Some issues linger quietly beneath the surface before they finally demand attention. For the Yankees, shortstop has become exactly that kind of problem. It’s no longer a debate about patience or upside or development. It’s a reality check. Anthony Volpe hasn’t taken the step forward the organization hoped for, and at this point, the risk of continuing down the same path is almost impossible to justify.
That doesn’t make Volpe a lost cause. It just means the Yankees are out of time to pretend the position is fine.
Volpe’s offensive regression is too glaring to ignore
Three years into his big league career, Volpe should be trending toward reliability, not drifting further from it. Instead, his 2025 season felt like a step backward. Across 153 games, he hit .212/.272/.391 with 19 home runs, 72 RBIs and an 83 wRC+. That’s not a one-year blip. That’s a continuation of a trend, and the Yankees know it.

There’s a predictable rhythm to his struggles. He’ll get hot, shift his swing to chase power, run into a few balls, then lose his contact point and watch his strikeout rate spike. When he shifts back toward contact, the home run threat evaporates. The approach ping-pongs. The consistency never settles.
At some point, potential has to turn into production. It hasn’t.
The defense no longer covers for the bat
Volpe’s defensive excellence always felt like the life raft keeping his value afloat. But even that took a hit in 2025. A partially torn labrum threw off his mechanics, and the effects showed up everywhere. He finished with two defensive runs saved, -7 outs above average, and 19 errors. Nineteen. For a player billed as glove-first, that’s a massive red flag.

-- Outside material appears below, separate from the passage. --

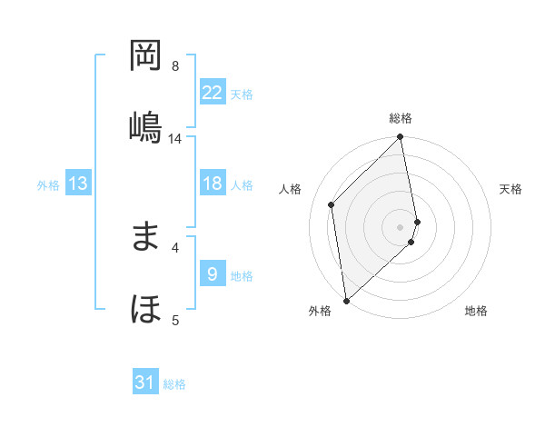 岡嶋 まほさんを姓名の画数から五運を鑑定

When the defense isn’t elite, the offensive shortcomings become harder to tolerate. That’s how the Yankees ended up giving Jose Caballero more runway than expected after acquiring him at the deadline. It wasn’t a luxury move. It was a necessity.
Where the Yankees go from here
The Yankees can’t enter 2026 banking on a rebound that has yet to materialize. Brian Cashman has given Volpe time, trust, and opportunity. Three years’ worth. The return hasn’t justified a long-term commitment.
That’s why the team has been connected to Brenden Donovan, who brings positional versatility and elite contact skills. It’s why any rumor involving Corey Seager or another star-level shortstop carries real intrigue. This isn’t about replacing Volpe out of impatience. It’s about protecting a roster built to win now.
A contender can’t carry a black hole at a premium position.

A crossroads they can’t afford to mishandle
Volpe can still be part of the team’s future, maybe even an impactful one, but the Yankees have reached the stage where they must treat the shortstop job as open competition at minimum — if not a position to upgrade entirely.
Running this back again without a safety net would be negligence.
For a team with championship expectations, the margin for error is small, and the clock is loud.